### Stored items
___

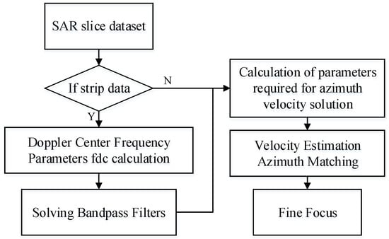 The proposed refocusing method uses a DCT approach based on azimuth velocity to refocus moving targets in SAR images that can be in either strip or scan mode. To meet the bandwidth requirements of the strip mode, a bandpass filter is included in the design. A flowchart of the dual-mode SAR imaging refocusing algorithm is presented in Figure 2.
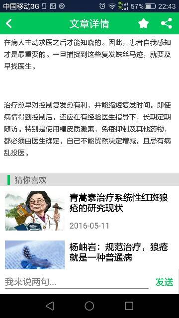 如图,有时候,我们经常会有些小感冒,口腔溃疡,腹痛,关节疼痛,无力等症状发生。当然,也应该尽量避免此类症状发生,因为我们毕竟免疫力低点。但是,每次有腹痛,关节痛等稍微严重点的现象发生时,都会比较敏感,担心会不会是病情复发了?不是害怕,只是因为有意识去敏感,如果是复发,及时发现,及早治疗,避免耽误治疗导致恶化,所以,每次稍微有点大毛病时,都会特别有意识去验血规,检查白细胞,红细胞数量,但是,常规检验看不出一些问题。所以,我想咨询下大家,复发主要是看什么指标?具体参数是多少?稍微有大毛病做哪些检查?如何及早发现?
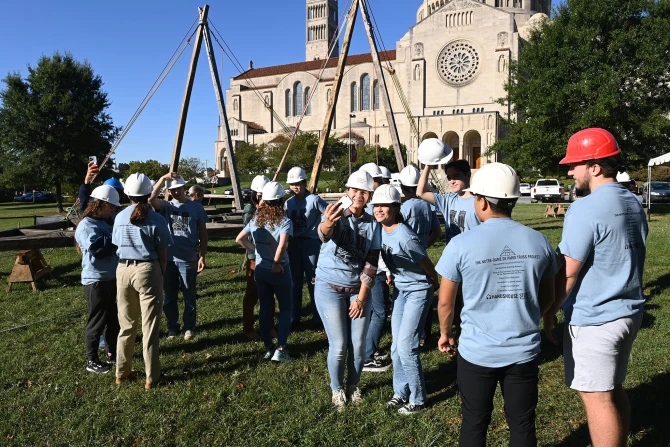 A full-scale replica of a Notre-Dame de Paris truss creaked gently in the morning sun as dozens of students and volunteers pulled on ropes to raise it above the lawn of the Catholic University of America in Washington, D.C.
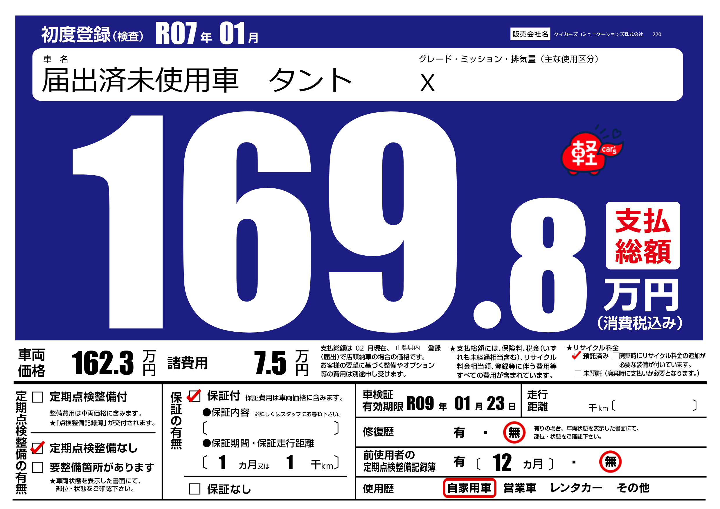 | 車名 | 届出済未使用車 タント | グレード ミッション 排気量 |
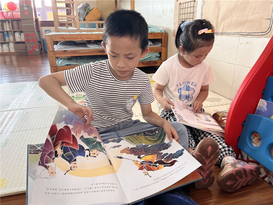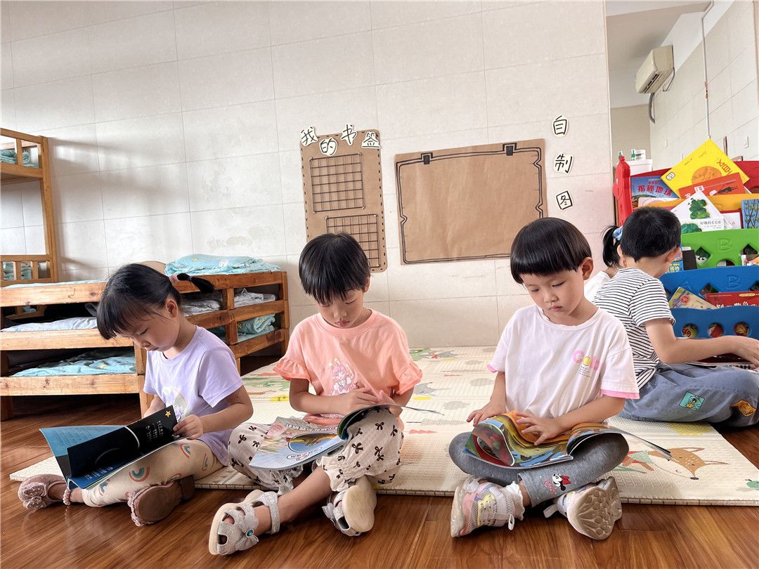 阅读区中,孩子们从书本中了解到世界的缤纷多彩,亦或是沉浸在书本中描绘的美丽童话世界中。

___

### Directions
The reply has to reproduce every line above verbatim and contain no pictures.

### Solution for this problem
 The proposed refocusing method uses a DCT approach based on azimuth velocity to refocus moving targets in SAR images that can be in either strip or scan mode. To meet the bandwidth requirements of the strip mode, a bandpass filter is included in the design. A flowchart of the dual-mode SAR imaging refocusing algorithm is presented in Figure 2.
 如图,有时候,我们经常会有些小感冒,口腔溃疡,腹痛,关节疼痛,无力等症状发生。当然,也应该尽量避免此类症状发生,因为我们毕竟免疫力低点。但是,每次有腹痛,关节痛等稍微严重点的现象发生时,都会比较敏感,担心会不会是病情复发了?不是害怕,只是因为有意识去敏感,如果是复发,及时发现,及早治疗,避免耽误治疗导致恶化,所以,每次稍微有点大毛病时,都会特别有意识去验血规,检查白细胞,红细胞数量,但是,常规检验看不出一些问题。所以,我想咨询下大家,复发主要是看什么指标?具体参数是多少?稍微有大毛病做哪些检查?如何及早发现?
 A full-scale replica of a Notre-Dame de Paris truss creaked gently in the morning sun as dozens of students and volunteers pulled on ropes to raise it above the lawn of the Catholic University of America in Washington, D.C.
 | 車名 | 届出済未使用車 タント | グレード ミッション 排気量 |
 阅读区中,孩子们从书本中了解到世界的缤纷多彩,亦或是沉浸在书本中描绘的美丽童话世界中。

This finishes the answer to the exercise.